FIXME More Work Needed

prune needs more love and would benefit from more insight on how it works.

getFilterableTableScan¶

getFilterableTableScan(
  a: Expression,
  plan: LogicalPlan): Option[LogicalPlan]

getFilterableTableScan findExpressionAndTrackLineageDown (that finds a LeafNode with the output schema that includes all the Attribute references of the given Expression).

Leaf Nodes

getFilterableTableScan is only interested in the following leaf logical operators:

DataSourceV2ScanRelation over SupportsRuntimeFiltering scans
HiveTableRelation
LogicalRelation over HadoopFsRelation

getFilterableTableScan...FIXME

LogicalRelation over (Partitioned) HadoopFsRelation¶

For LogicalRelation with (the relation that is) a partitioned HadoopFsRelation, getFilterableTableScan checks if the references (of the given Expression) are all among the partition columns.

If so, getFilterableTableScan returns the LogicalRelation with the partitioned HadoopFsRelation.

hasPartitionPruningFilter¶

hasPartitionPruningFilter(
  plan: LogicalPlan): Boolean

Note

hasPartitionPruningFilter is hasSelectivePredicate with a streaming check to make sure it disregards streaming queries.

hasPartitionPruningFilter is true when all of the following hold true:

The given LogicalPlan is not streaming
hasSelectivePredicate

hasSelectivePredicate¶

hasSelectivePredicate(
  plan: LogicalPlan): Boolean

hasSelectivePredicate is true when there is a Filter logical operator with a likely-selective filter condition.

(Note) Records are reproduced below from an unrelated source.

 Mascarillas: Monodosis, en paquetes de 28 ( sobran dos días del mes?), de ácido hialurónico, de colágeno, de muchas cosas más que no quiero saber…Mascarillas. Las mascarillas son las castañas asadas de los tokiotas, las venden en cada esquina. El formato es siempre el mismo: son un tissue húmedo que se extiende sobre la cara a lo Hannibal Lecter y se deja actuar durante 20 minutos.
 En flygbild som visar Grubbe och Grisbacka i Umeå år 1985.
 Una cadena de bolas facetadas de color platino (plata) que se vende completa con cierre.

Inserting Predicate with DynamicPruningSubquery Expression¶

insertPredicate(
  pruningKey: Expression,
  pruningPlan: LogicalPlan,
  filteringKey: Expression,
  filteringPlan: LogicalPlan,
  joinKeys: Seq[Expression],
  partScan: LogicalPlan): LogicalPlan

With spark.sql.exchange.reuse enabled and pruningHasBenefit, insertPredicate creates (inserts into the given pruning plan) a Filter logical operator with a DynamicPruningSubquery expression (with onlyInBroadcast flag based on spark.sql.optimizer.dynamicPartitionPruning.reuseBroadcastOnly and pruningHasBenefit).

Otherwise, insertPredicate returns the given pruningPlan logical query plan unchanged.

Configuration Properties

insertPredicate is configured using the following:

pruningHasBenefit¶

pruningHasBenefit(
  partExpr: Expression,
  partPlan: LogicalPlan,
  otherExpr: Expression,
  otherPlan: LogicalPlan): Boolean

Column Statistics

pruningHasBenefit uses Column Statistics (for the number of distinct values), if available and spark.sql.optimizer.dynamicPartitionPruning.useStats is enabled.

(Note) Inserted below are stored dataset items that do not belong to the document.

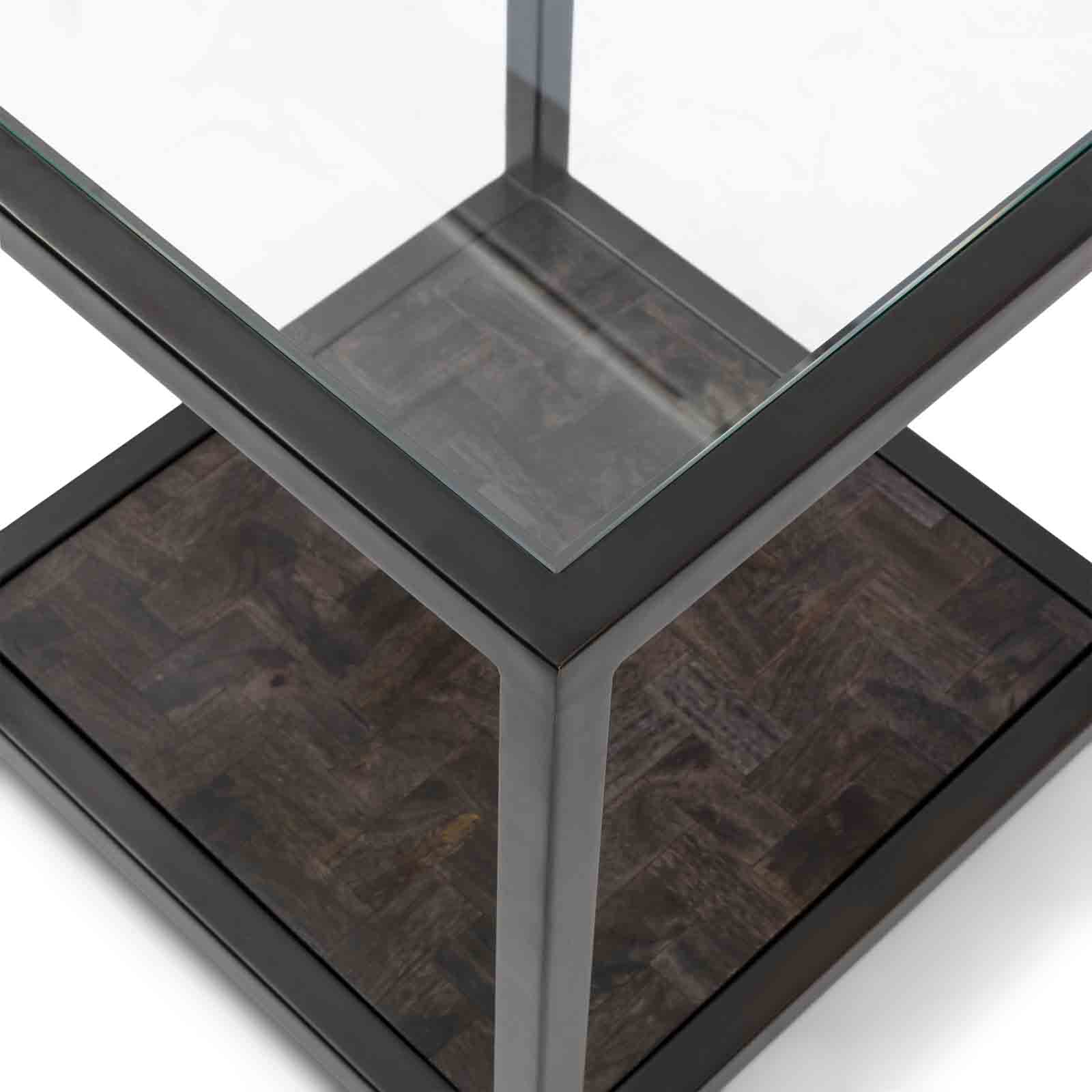 Der handgemachte Tisch Roger besticht durch schlichte Eleganz und bietet eine größere Fläche mit zwei Platten. Die Oberseite besteht aus robustem Sicherheitsglas, während die Unterseite aus warmem, grauem Mangoholz in einem schwarzen Metallrahmen eingefasst ist.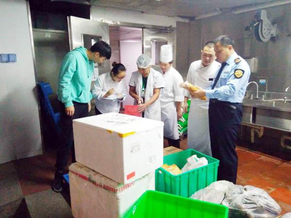图为龙桥食药监所执法人员,在保障现场对酒店采购的食品原材料进行查验。 (舒易刚 凌明信)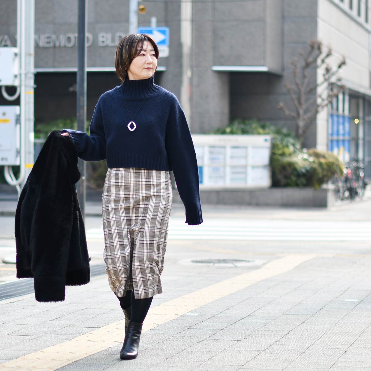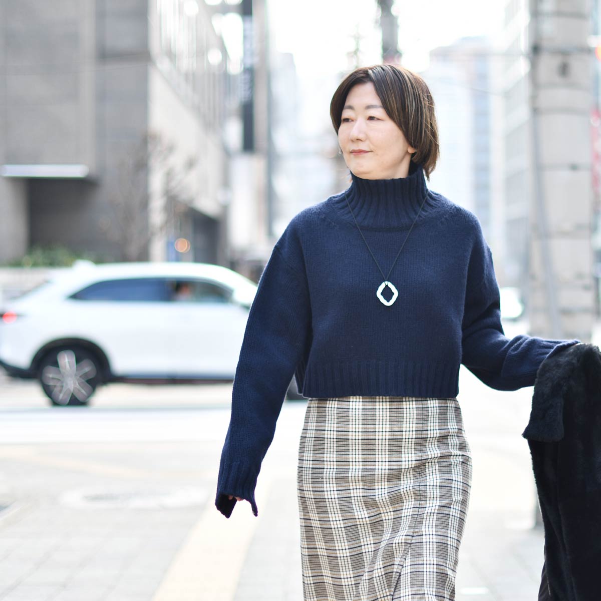 大人のカジュアルスタイルを旬な表情にしてくれるクロップド丈ニット。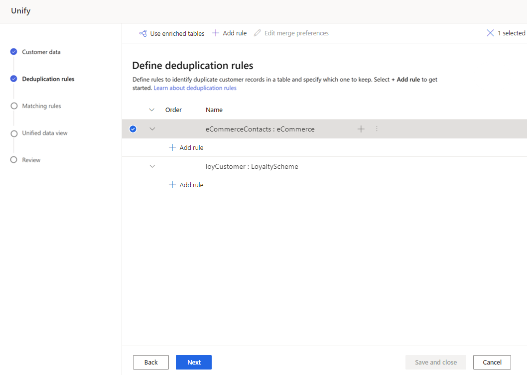 Nella pagina Regole di deduplicazione seleziona una tabella e quindi Aggiungi regola per definire le regole di deduplicazione.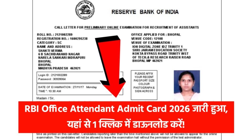 भारत के केंद्रीय बैंक Reserve Bank of India ने RBI Office Attendant Recruitment 2026 के तहत आयोजित होने वाली परीक्षा

pruningHasBenefit computes a filtering ratio based on the columns (references) in the given partExpr and otherExpr expressions.

One Column Reference Only

pruningHasBenefit supports one column reference only in the given partExpr and otherExpr expressions.

With spark.sql.optimizer.dynamicPartitionPruning.useStats enabled, pruningHasBenefit uses the Distinct Count statistic (CBO stats) for each attribute (in the join condition).

The filtering ratio is the ratio of Distinct Count of rightAttr to Distinct Count of leftAttr (remaining of 1) unless:

Distinct Count are not available or leftAttr's Distinct Count is 0 or negative
Distinct Count of leftAttr is the same or lower than of otherDistinctCount
There are more than one attribute in partExpr or otherExpr expressions

For such cases, the filtering ratio is spark.sql.optimizer.dynamicPartitionPruning.fallbackFilterRatio.

pruningHasBenefit calculates estimatePruningSideSize as the filtering ratio of sizeInBytes statistic of the given partPlan.

pruningHasBenefit is enabled (true) when estimatePruningSideSize is greater than calculatePlanOverhead of the given otherPlan logical plan.